2025 is an interesting number: It is a perfect square number, 45²=2025 It is the sum of 3-squares, 40²+20²+5²=2025 It is the sum of cubes of all the single digits from 1 to 9, 1³+2³+3³+4³+5³+6³+7³+8³+9³=2025

@bjornfeuerbacher5514 20 күн бұрын

1³+2³+3³+4³+5³+6³+7³+8³+9³=2025 follows from the fact that 1+2+3+4+5+6+7+8+9=45 and 45²=2025. ;)

@ricardoguzman5014 19 күн бұрын

It is also the sum of consecutive integers from -10 to 64. -10 + -9 + -8 + -7 + -6 + -5 + -4 + -3 + -2 + -1 + 0 + 1 + 2 + ....+ 62 + 63 + 64 = 2025.

@antoniopedrofalcaolopesmor6095 14 күн бұрын

By induction I could easily prove (1+2+3+...+n)^2 = 1^3+2^3+3^3+...+n^3 I'm just wondering how this can be proved without induction. If you know the proof without induction, pls share.
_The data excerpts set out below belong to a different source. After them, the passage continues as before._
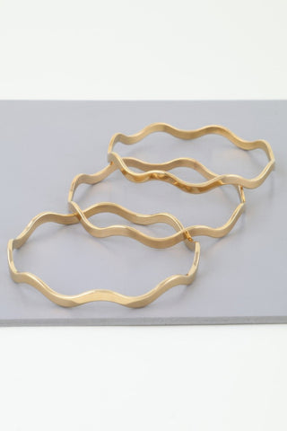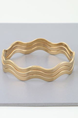 Product Description: Channel coastal elegance with the Triple Layer Wave Bracelet, a graceful accessory inspired by the movement of the sea. Featuring three interlocking layers in a flowing wave design, this bracelet brings a sense of rhythm and refined style to your look. Its sculptural form catches the light beautifully, adding a subtle shimmer that enhances any outfit. Whether worn alone or stacked with other pieces, it delivers timeless appeal with a modern twist. Designed for versatility, it transitions effortlessly from daywear to evening occasions.
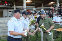 Zur Abschlusskundgebung am Sportplatz in Frauental, die von der Marktmusikkapelle Frauental umrahmt wurde, konnte Bereichsbewerbsleiter BR d.F Johann Bretterklieber unter anderem den Bürgermeister von Frauental Bernd Hermann, Bereichsfeuerwehrkommandant OBR Helmut Lanz, dessen Stellvertreter BR Fritz Reinprecht sowie zahlreiche Abschnittsbrandinspektoren des BFV Deutschlandsberg begrüßen. Im Zuge der Schlusskundgebung konnte HBI d.V. Alois Gritsch, Mitglied der FF Bad Gams, feierlich die Bewerterspange für 75-malige Bewertertätigkeit überreicht werden. Die Ehrengäste gratulierten allen Teilnehmern zu ihren Leistungen und dankten den Kameradinnen und Kameraden für ihren ehrenamtlichen Einsatz für die Bevölkerung.
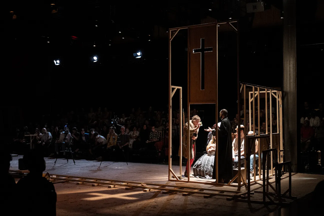 An inexhaustible cast of one white and six Black actors engages in a tongue-in-cheek minstrelsy, broadly portraying characters of all genders and backgrounds, like kids playing very bloody make-believe with whiteface, wigs and guns. They even enlist the audience to help: Be prepared to be preached to, sold at auction or hidden from gunslinging outlaws. Many sections of the text, especially the narration, are also shown via live video feed, both as a nod to the show’s send-up of classic movie tropes and as a way to see around the town’s new structures.

Thank you!

@claireli88 14 күн бұрын

@@antoniopedrofalcaolopesmor6095 It can also be proved by using the method of differences or telescoping method as shown below: Using the expansion (k+1)⁴= k⁴+4k³+6k²+4k+1 (k+1)⁴-k⁴= 4k³+6k²+4k+1 ∑[(k+1)⁴-k⁴]= 4∑k³+6∑k²+4∑k+∑1 {All summations are from k=1 to n} Using method of differences on the LHS, (n+1)⁴-1= 4∑k³+6n(n+1)(2n+1)/6+4n(n+1)/2+n Simplifying, 4∑k³= n²(n+1)² ∑k³= [n(n+1)/2]² ∴∑k³= (∑k)² {Summation from k=1 to n}

@bjornfeuerbacher5514 14 күн бұрын

@@antoniopedrofalcaolopesmor6095 Another method (quite complicated, but doable) would be using generating functions. Michael Penn once made a video on that.

@Rai_Te 20 күн бұрын

Preview image is misleading.

@bartekguz9371 20 күн бұрын

Asking just to be sure: Are we hiding the “two complex cubic roots of -1”by “introducing the external real root”? Lovely shenanigans👌

@blackpenredpen 20 күн бұрын

2024+1=2025 Boom!

@drpeyam 20 күн бұрын

Wooooow!!!

@rinkumonigogoi5480 20 күн бұрын

Big fan of both of you

@md2perpe 20 күн бұрын

It can be noted that y/x cannot be real but must be complex.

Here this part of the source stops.